Hace unos días se celebró en Madrid el tradicional Día del Orgullo, fiesta lúdica y reivindicativa del colectivo LGTBi que va camino de convertirse, si no lo es ya, en el acontecimiento español con más trascendencia en todo el mundo a tenor del número de visitantes extranjeros que recibe Madrid y del dinero que ingresan tanto las arcas públicas como las manos privadas.

A pesar de las críticas que el Orgullo (como se le conoce) recibe cada año, su existencia se justifica plenamente por dos motivos. Por una parte, para reivindicar la memoria de los gays y lesbianas que fueron encarcelados, torturados y humillados durante la dictadura franquista por su simple condición sexual al convertirse en objetivo prioritario sobre el que ejercer la represión franquista y siendo, por tanto, uno de los colectivos que más injurias y calumnias ha recibido tradicionalmente en España. El ensañamiento descalificativo que la derecha española más retrógrada ha llevado a cabo de manera obsesiva y tradicional contra el colectivo homosexual se ha caracterizado por el sadismo y la persecución. Supongo que habrá numerosos estudios psiquiátricos que expliquen el motivo de esta obsesión, pero en cualquier caso algo tendrán que ver las frustraciones personales y los deseos incumplidos. Por otra parte, el Día del Orgullo LGTBi supone una apuesta hacia el futuro por cuanto explica la necesidad de que los grupos más o menos minoritarios de la sociedad española puedan tener el derecho de poder desarrollarse como personas con los intereses que estimen oportunos. Una sociedad que respeta y apoya a las minorías tiene una proyección de futuro mucho más asentada que aquellos países en los que se persigue a los homosexuales y se ningunea a otro tipo de colectivos.

La mejor forma que tiene un país de demostrar el grado de implantación que las ideas democráticas tienen en su seno es cuando se pone a prueba su capacidad de tolerar a las minorías y a los movimientos sociales o culturales que se salen de la moral habitual. Cabría preguntarse qué se entiende por minoría y por moral habitual. Más que hablar de moral habría que referirse a ética. Así podríamos decir que morales hay muchas, pero ética solo una y por tanto morales puede haber tantas como sociedades y a su vez dentro de cada una de ellas puede haber otro buen número de ellas. Sin embargo, el concepto de ética remite a algo universal, a un conjunto de normas no escritas que forman parte del acervo cultural de la humanidad que se ha ido desarrollando desde que los clásicos griegos comenzaron a escribir y reflexionar sobre el hombre hace más de 2.500 años.
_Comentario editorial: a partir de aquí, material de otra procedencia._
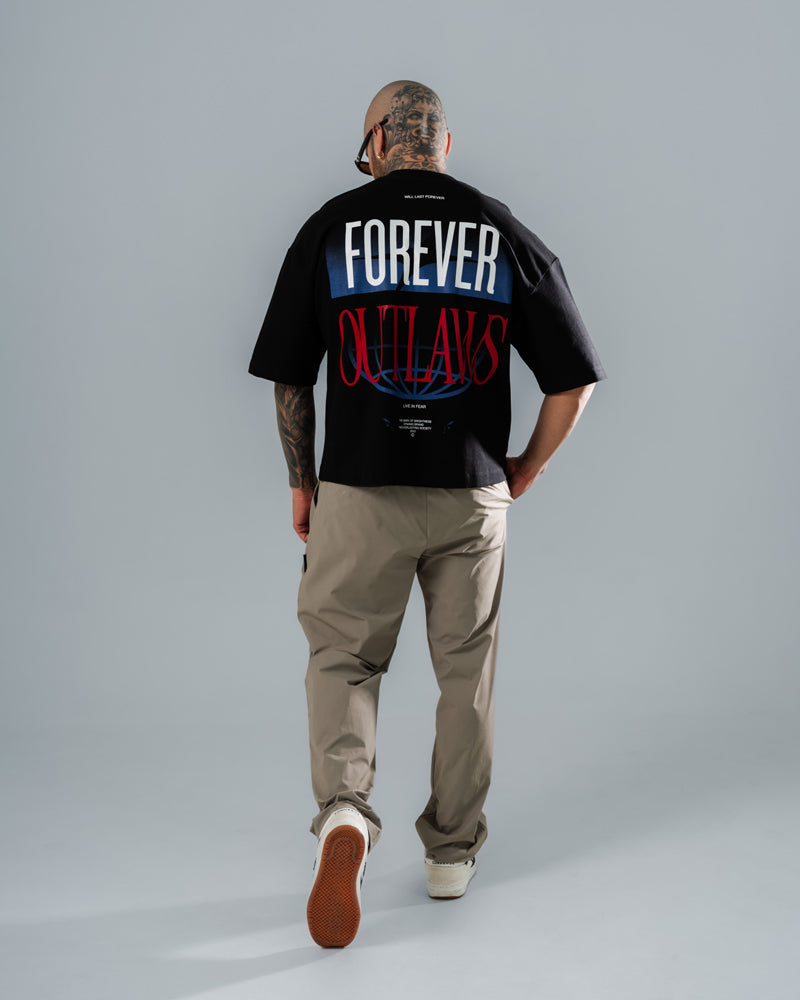La Camiseta Boxy Dynamo Forever Outlaws redefine la calle: silueta oversize, 100% algodón peruano de alto gramaje (190-220 g) y estampados frontales y traseros con actitud rebelde. Diseñada para quienes no siguen reglas, sino que las rompen.
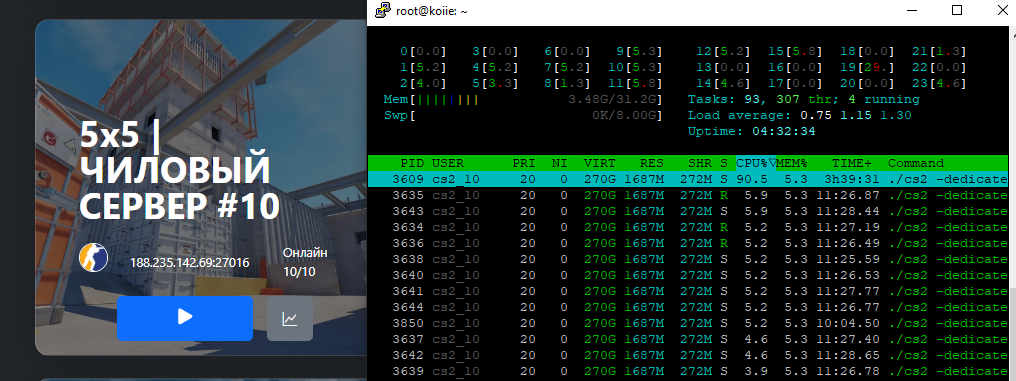 ц в той же убогой кс 2 максимум можно 10 слотовый сервак захостить :D (на скрине 3,2
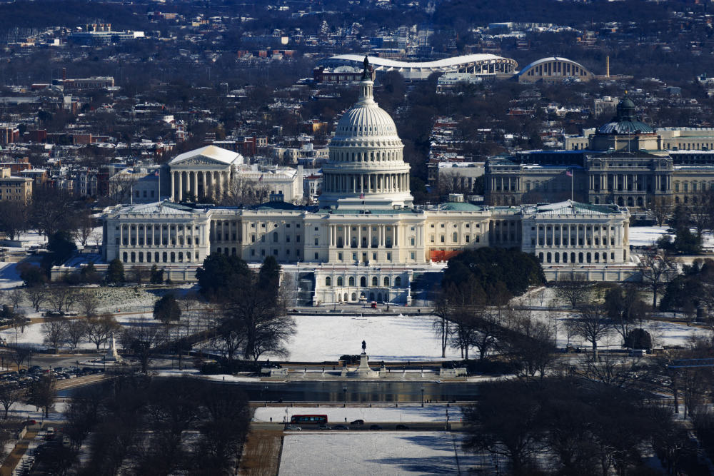 這是1月17日在美國首都華盛頓拍攝的雪后的國會大廈。 新華社發(fā)(亞倫 攝)
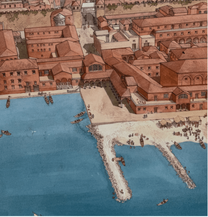 La primera infraestructura portuaria fue interior y era conocida con el nombre de Portus Tiberinus. Se trata del primer asentamiento portuario a lo largo del Tíber, en la ciudad de Ostia, que servía principalmente para el amarre de pequeñas embarcaciones fluviales que transportaban mercancías hacia y desde la ciudad de Roma. Esta parte del puerto estaba equipada con almacenes, denominados “horrea”, donde se almacenaban y guardaban diferentes productos como grano, aceite y vino; fundamentales para la alimentación de la creciente población urbana.
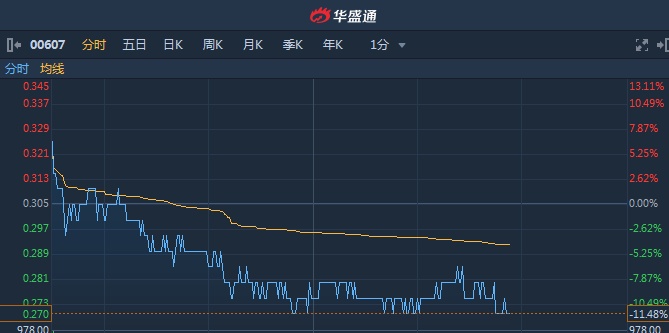 智通财经APP获悉,丰盛控股(00607)遭剔除MSCI中国指数,纳入MSCI中国小型股指数,该股昨日暴涨32%后,现大幅回吐逾11%,截至14时52分,跌11.48%,报价0.27港元,成交额3428万。
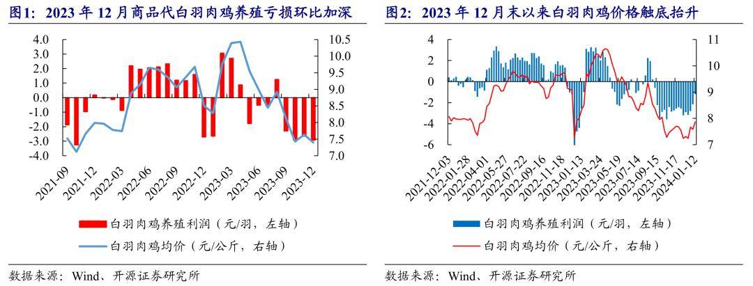 白羽肉鸡价格拐点已现,2024Q1有望供需双驱景气抬升。据博亚和讯,2023年12月全国白羽肉鸡出售均价7.40元/公斤,环比-0.23元/公斤,饲养赢利-2.93元/羽,环比-0.28元/羽。受12月中旬以来禽企停苗及养户补栏跨年鸡影响,白羽肉鸡苗供应偏紧带动肉鸡价格触底抬升,到2024年1月12日,白羽肉鸡价格已升至7.87元/公斤,饲养亏本继续收窄。周期传导看,2024Q1白羽鸡需求旺季叠加前期祖代引种缺口传导至肉鸡端,白鸡价格有望景气向上。

Dentro del grupo de categorías que integra el movimiento LGTBi me voy a centrar en el de las mujeres lesbianas. A principio de los años 90, en mi etapa universitaria, se comenzaba a hablar de lo que finalmente se llamó «salir del armario» cuando un hombre de cierta trascendencia pública hacía una declaración en los medios de comunicación sobre su condición de homosexual. Al mismo tiempo era común la presencia de gays en la Universidad que de manera más o menos explícita hacían notar su condición. Pero lo que no había eran mujeres homosexuales. Las lesbianas no existían en la juventud de principios de los años 90. Obviamente las habría en un tanto por ciento de la población femenina similar al actual, pero ya fuera por voluntad propia o porque su reconocimiento era más difícil que para los hombres, resultaba muy extraño encontrarse con una mujer que ni siquiera de manera leve dejara ver su condición de lesbiana.

Recuerdo el caso de una chica que conocí durante el tiempo que pasé en la Universidad de Alicante. Durante los años que me mantuve cerca de ella, en la Facultad o fuera de ella, fui observando comportamientos que no lograba entender. De familia adinerada, vestía con ropa ancha que compraba en los mercadillos. A pesar de su juventud, ya había tenido un número de parejas masculinas muy excesivo para el tipo de vida que tenía, muy centrada en los estudios universitarios, que ella achacaba a un carácter especial y difícil. Además, según pude saber, sólo lograba tener relaciones sexuales por la noche cuando había bebido y después de haber ido de bares. El paso del tiempo unido a otros detalles me hizo darme cuenta que el único problema que tenía aquella chica es que no aceptaba su condición de lesbiana por miedo a su familia y a hacerlo público. Mientras mantuve contacto con ella nunca la conocí feliz en un sentido real del día a día. Me recordaba a uno de esos gatos callejeros que caminan por la calle mirando a todos lados por si le tiran una piedra.

Por eso cuando en la actualidad veo a chicas de la mano en la ciudad donde vivo no puedo dejar de alegrarme por ellas porque tendrán una vida como la de cualquier otra persona, es decir, alejadas de la angustia diaria en la que vivía aquella chica que conocí en la Universidad hace más de veinticinco años.